Technical terminology is employed in astronomy to effectively communicate particular concepts in terms that are clear to experienced astronomers. However, using the same vocabulary can make including non-experts in the discussion challenging.
An international team of scientists, led by a researcher at The University of Manchester, has developed a novel AI (artificial intelligence) approach to distilling technical astronomy terminology into simple, understandable English. The study results from the international RGZ EMU (Radio Galaxy Zoo EMU) collaboration.
This new approach could transition radio astronomy language from specific terms, such as FRI (Fanaroff-Riley Type 1), to plain English terms, such as “hourglass” or “traces host galaxy.”
Micah Bowles, Lead author and RGZ EMU data scientist, said: “Using AI to make the scientific language more accessible is helping us share science with everyone. With the plain English terms we derived, the public can engage with modern astronomy research like never before and experience all the amazing science being done around the world.”
Similar to satellite dishes, radio telescopes operate by picking up radio waves emitted by incredibly intense astrophysical phenomena, such as black holes in neighboring galaxies, as opposed to television transmissions.
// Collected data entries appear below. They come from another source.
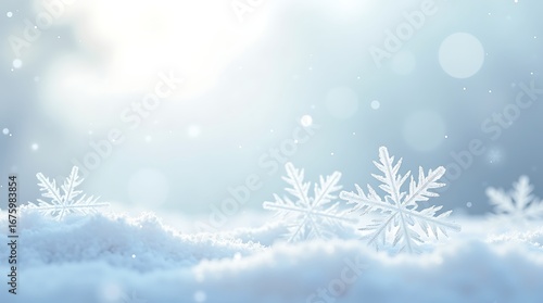 © Nayanika, Naklejka premium Intricate snowflakes shaped like delicate flowers float gently against a simple, light-colored backdrop
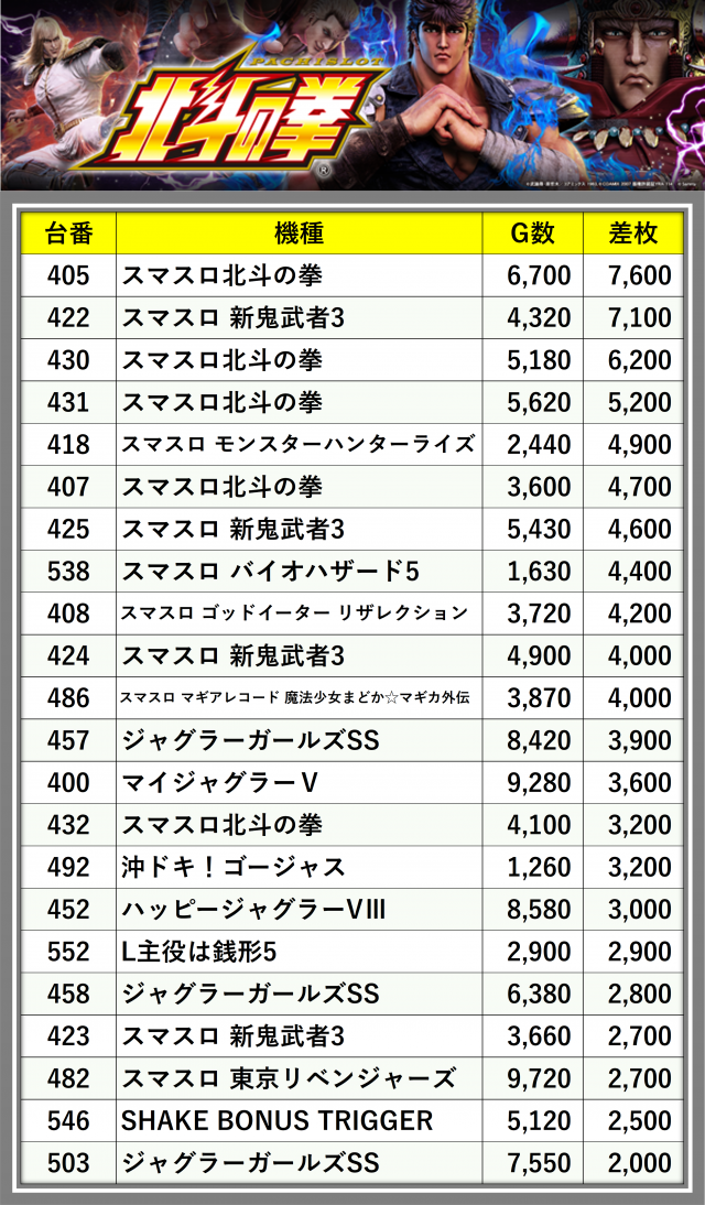 ※差枚数順に掲載しています
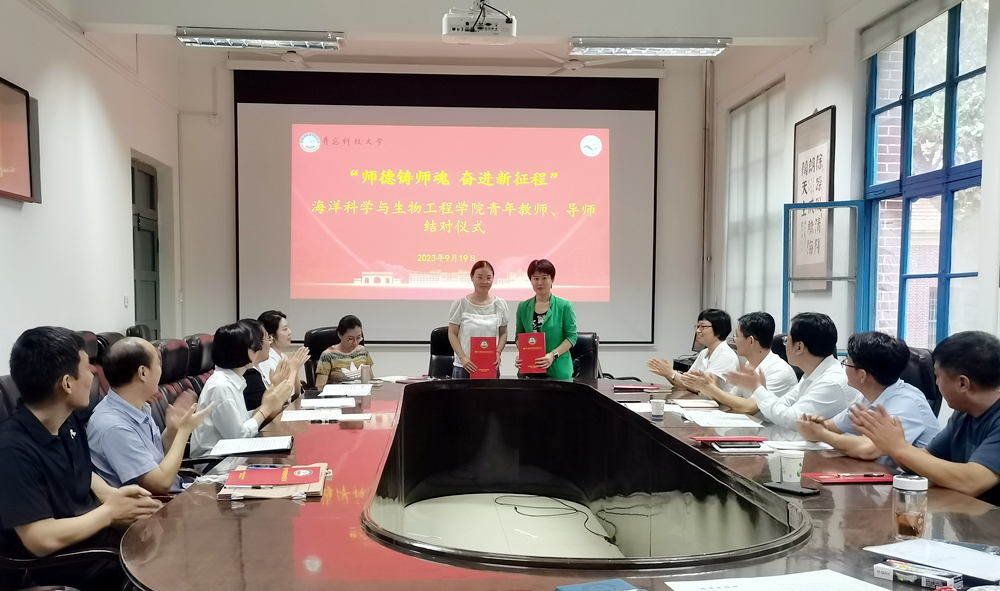会上,海洋学院7名青年教师与导师进行结对,双方签订青年导师结对证书。导师代表顾玉超教授、青年教师代表李勇老师分别作表态发言。山东省青年教师教学竞赛二等奖、beat365官方网站青年教师教学竞赛一等奖获得者化学院辛飞飞老师进行了教学工作交流分享。
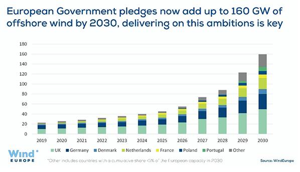 歐洲計劃到2030年達(dá)到160GW的海上風(fēng)電發(fā)展目標(biāo),屆時,英國仍將占據(jù)裝機(jī)量第一位
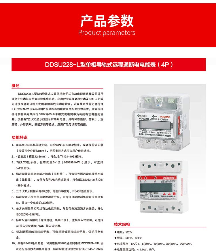 DDSU228-L单相4P远程拉合闸导轨表
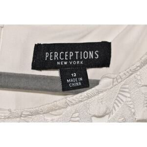 PERCEPTIONS NEW YORK NEW $99 Long Flared Sleeve Lace Shift Dress White Size 12

Astronomers have classified these “radio galaxies” into various categories for many years in order to better comprehend the beginnings and evolution of the Universe.
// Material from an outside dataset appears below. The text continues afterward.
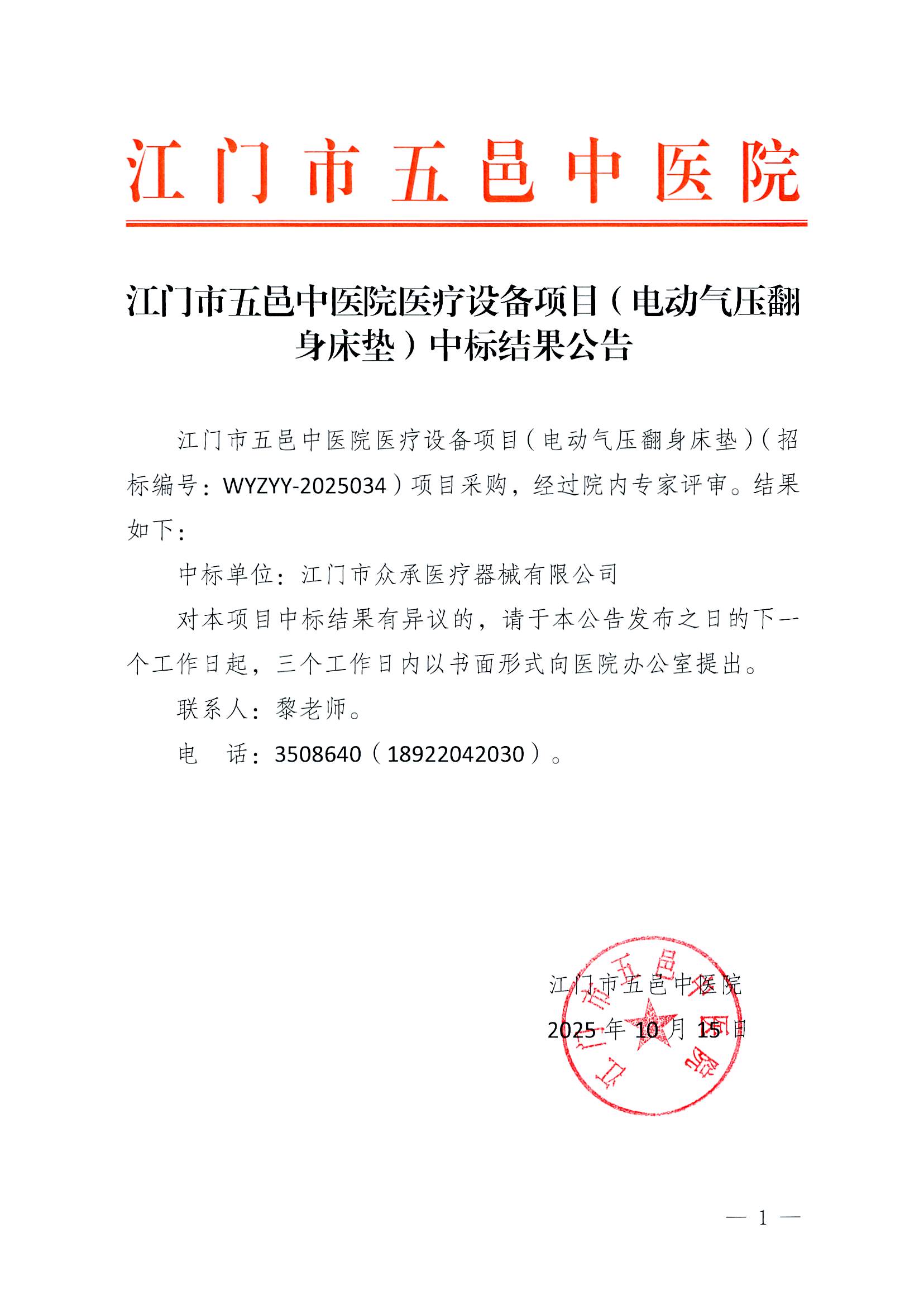 江门市五邑中医院医疗设备项目(电动气压翻身床垫)中标结果公告

Recently, significant advancements in radio telescope technology have revealed an increasing number of these radio galaxies, making it impossible for astronomers to categorize them all individually and introducing new variations that aren’t already covered by known radio galaxy types.
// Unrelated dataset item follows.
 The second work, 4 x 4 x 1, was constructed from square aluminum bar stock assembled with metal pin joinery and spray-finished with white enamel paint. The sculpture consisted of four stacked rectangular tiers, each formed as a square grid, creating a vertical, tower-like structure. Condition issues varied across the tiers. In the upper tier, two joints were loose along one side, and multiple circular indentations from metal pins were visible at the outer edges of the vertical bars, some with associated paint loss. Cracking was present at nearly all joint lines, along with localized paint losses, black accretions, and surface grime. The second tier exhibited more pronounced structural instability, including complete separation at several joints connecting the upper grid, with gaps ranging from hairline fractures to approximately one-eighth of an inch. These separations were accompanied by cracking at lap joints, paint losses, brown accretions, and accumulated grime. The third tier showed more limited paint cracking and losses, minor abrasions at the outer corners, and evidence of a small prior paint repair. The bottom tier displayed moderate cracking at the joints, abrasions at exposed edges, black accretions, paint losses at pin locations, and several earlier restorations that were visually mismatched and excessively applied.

The RGZ EMU team recognized an alternative way ahead that would allow citizen scientists to participate more thoroughly in their research endeavor instead of trying to continually develop new technical terms for various sorts of radio galaxies and train people to distinguish them.
Before asking non-experts to characterize a selection of radio galaxies in layman’s terms, the RGZ EMU team asked professionals to explain the galaxies in their technical terminology. The scientists then picked the plain English descriptions that included the greatest scientific information using a novel AI-based approach.
These descriptions, or “tags”, can now be used by anyone to describe radio galaxies — in a way that is meaningful for any English speaker — without any specialist training at all. This work will not only be crucial for the RGZ EMU project, but with ever-increasing volumes of data across many areas of science, this new AI approach could find use in many more situations where simplified language can accelerate research, collaboration, and communication.
The RGZ EMU collaboration is building a project on the Zooniverse citizen science platform, which asks the public for help describing and categorizing galaxies imaged through a radio telescope.
Led from Manchester, this research was conducted by researchers from the UK, China, Germany, the USA, the Netherlands, Australia, Mexico, and Pakistan. The data, code, and results are all available online.